Hamilton Ulmer

Tools for Data Analysis & Deep Work

small improvements to the duckdb node module
Dec 21, 2021

I’ve begun building data tools that utilize DuckDB, an in-process columnar database designed for fast analytic queries. It’s such a powerful paradigm for manipulating and recasting datasets that are small enough for you to download on your computer. Also, the logo is pretty cute.

The node.js library for DuckDB, however, is missing a number of features. While Node isn’t currently quite as “data-native” as R and Python, it’s obviously still a powerful ecosystem and application development runtime environment. A solid Node module for DuckDB means DuckDB is available and accessible for wider data tool development.

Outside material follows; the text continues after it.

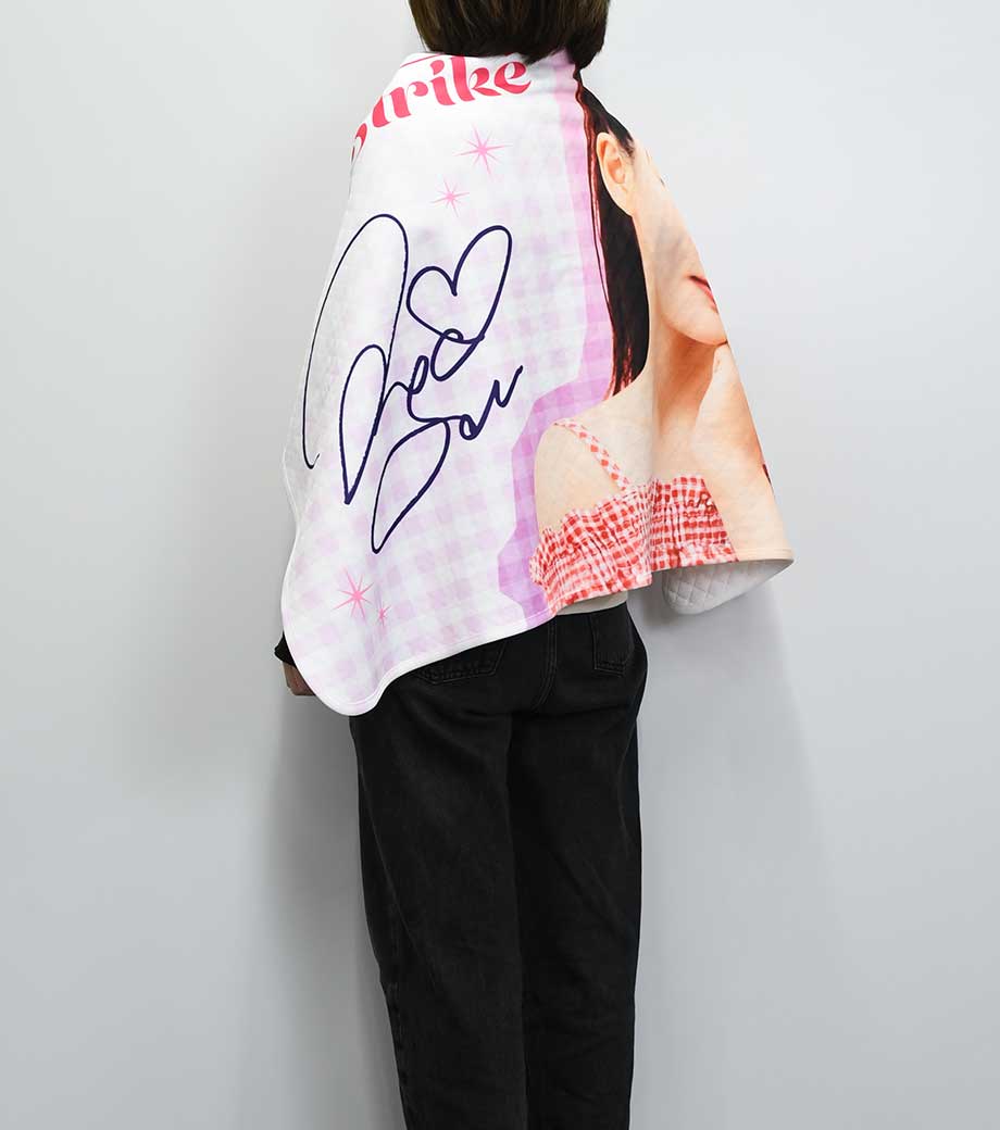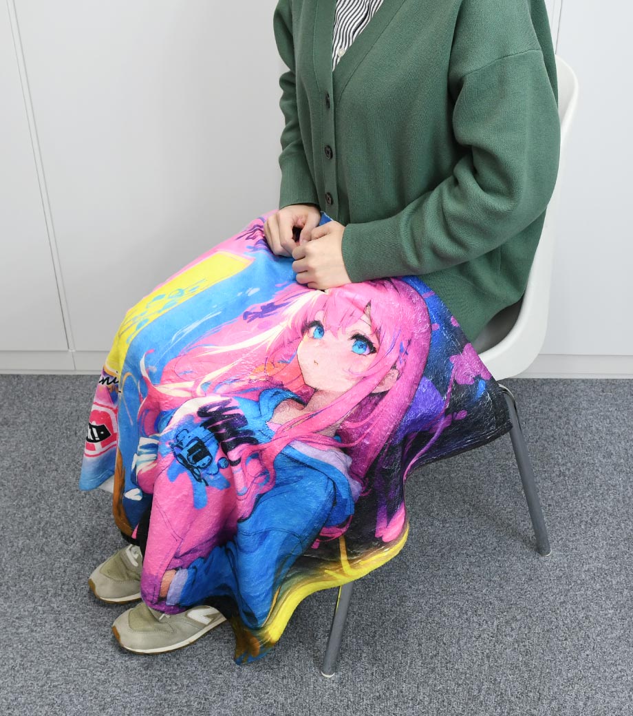 全面フルカラー印刷でインパクトと実用性を兼ね備えたブランケットです。イラストや写真も色鮮やかに表現できる昇華転写印刷で、オリジナルデザインの魅力をしっかり表現します。アーティストのファンクラブグッズや同人グッズ、ショップのオリジナルグッズなどの作成にぴったりです。
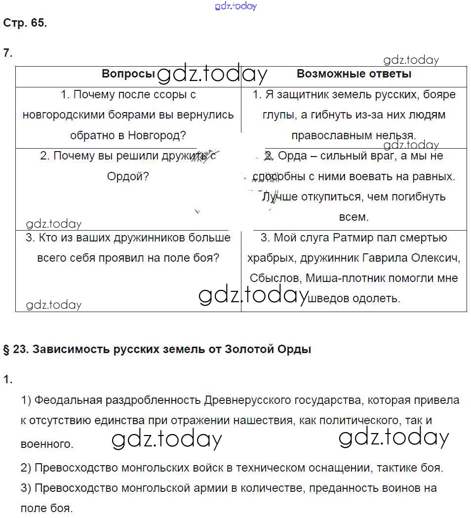 На страницах сайта gdz.today вы найдете учебный и вспомогательный материал, направленный на улучшения знаний школьной программы. ГДЗ - онлайн мир знаний Страницы (решение) 65 Рабочей тетради по Истории России для 6 класса Баранов Вентана-граф Алгоритм успеха 2017

A wishlist of things I’m looking for / working on / have already fixed:

  • parquet by defaultthe parquet extension should be available to the node.js bindings by default (Hannes Mühleisen ~~merged a PR or this, thankfully!)
  • promisify by default – there should be a Promise-based approach to complement the traditional Node callbacks.
  • full support for all data types – I recently submitted a set of Mocha tests to provide test coverage for the data types I’ve been adding. This would be a good way to ensure that all data types are supported. Someone who’s better at C++ and the Node API will probably know how to swoop in and add generic coverage for all data types. This includes
    • INTERVAL (both for type conversion and for binding back) (PR merged),
    • strangely enough the BOOLEAN type isn’t supported (PR also merged),
    • MAP (for use of histogram(column)), and other arbitrary lists / structs
  • support for binding struct-based data types – e.g. binding an INTERVAL with a javascript object that has a months, days, and micros field. This isn’t the highest priority since one can just concatenate a string to produce an INTERVAL.
  • a way to interrupt any running queries - I would love a way to be able to send a signal to a query and have it stop running. I see in interrupt.test.js there is use of db.interrupt(). I don’t know the status of this functionality, but it doesn’t seem to actually stop my queries when I test it myself.
  • documentation – the node.js API should be better documented. The test suite should not be the definitive source of documentation. This one should be easy enough for anyone to do.